View on ClinicalTrials.gov

Summary

This is a prospective, single-arm, single-center exploratory clinical study designed to evaluate the efficacy and safety of stereotactic body radiation therapy (SBRT) combined with QL1706 in patients with hepatocellular carcinoma who have received one prior line of systemic therapy and experienced radiographic disease progression or intolerance. Eligible patients will receive SBRT to all evaluable intrahepatic lesions at a total dose of 25-50 Gy delivered in 5 fractions. Within 7-14 days after completion of SBRT, patients will receive QL1706 at 7.5 mg/kg by intravenous infusion every 3 weeks. Treatment with QL1706 will continue until confirmed disease progression, intolerable toxicity, patient request to withdraw, withdrawal of informed consent, or other protocol-defined treatment discontinuation criteria, whichever occurs first. The primary endpoint is objective response rate assessed by the investigator according to modified RECIST criteria. Secondary endpoints include local control rate of SBRT target lesions, progression-free survival, overall survival, disease control rate, and the incidence of adverse events and serious adverse events. Exploratory endpoints include dynamic changes in serum tumor biomarkers and immune-related indicators, as well as their association with clinical outcomes. A total of 36 patients are planned for enrollment.

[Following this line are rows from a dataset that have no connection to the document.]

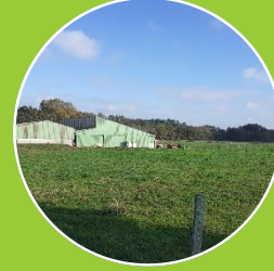
Prairie : pâturage tournant et foin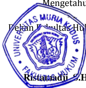
Ristandadi S.H, MH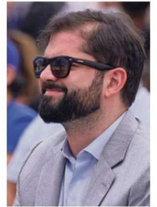
EL PRESIDENTE PARTICIPÓ AYER DEL GABINETE PRO CRECIMIENTO Y EMPLEO, JUNTO A EMPRESARIOS EN LA REGIÓN DE COQUIMBO.

“No tengo ninguna duda respecto de la probidad de los ministros, pero eso no tiene por qué compartirlo en la opinión pública y por lo tanto, lo importante es que esto sea lo más transparente posible”, afirmó Boric y agregó: “Yo no tengo ninguna duda que mis ministros actuaron de buena fe, pero gracias al debate público que se ha dado, se ha podido establecer que, en algunos casos en específico, se haya podido hacer de mejor manera y eso es lo que se ha corregido”.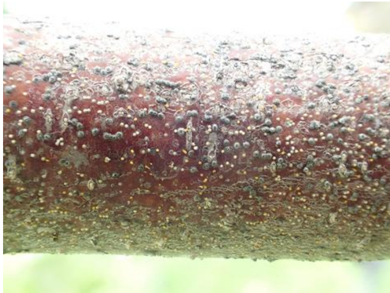
ナシマルカイガラムシ歩行幼虫（黄色い点）

今後、平年並みの気温で推移すると仮定した場合、本年のナシマルカイガラムシ第1世代歩行幼虫の発生始めは6月20日頃となる見込みである。例年発生が多い園地では「6月中旬」の薬剤散布にコルト顆粒水和剤3,000倍を使用する。散布むらが生じないように十分量を丁寧に散布する。散布後は、定着した歩行幼虫の発育や果実被害の発生を観察し、自園地における効果を確認する。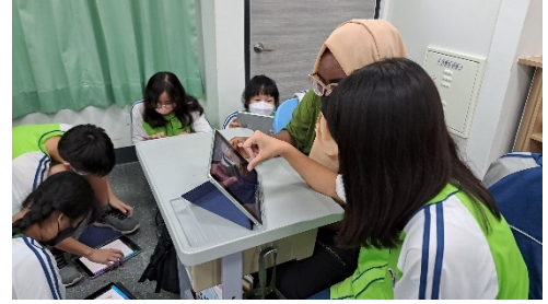
我與世界彈課-搜尋所選擇國家之節慶相關資料，外籍助理協助英文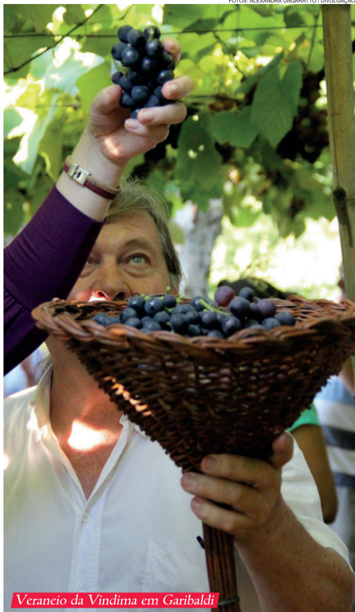
Veraneio da Vindima em Garibaldi

Official title: A Prospective, Single-Arm, Single-Center Exploratory Clinical Study of Stereotactic Body Radiation Therapy Combined With QL1706 in the Second-Line Treatment of Hepatocellular Carcinoma

Key Details

Gender

All

Age Range

18 Years - 75 Years

Study Type

INTERVENTIONAL

Enrollment

36

Start Date

2026-07

Completion Date

2030-07

Last Updated

2026-06-25

Healthy Volunteers

No

Interventions

RADIATION

Stereotactic Body Radiation Therapy (SBRT)

SBRT will be delivered to all tumor lesions at a total dose of 25-50 Gy in 5 fractions, with 5-10 Gy per fraction.

DRUG

QL1706

QL1706 will be administered at 7.5 mg/kg by intravenous infusion every 3 weeks, starting within 7-14 days after completion of SBRT. Dose interruption or permanent discontinuation may be required based on individual safety and tolerability. Dose escalation or dose reduction is not recommended.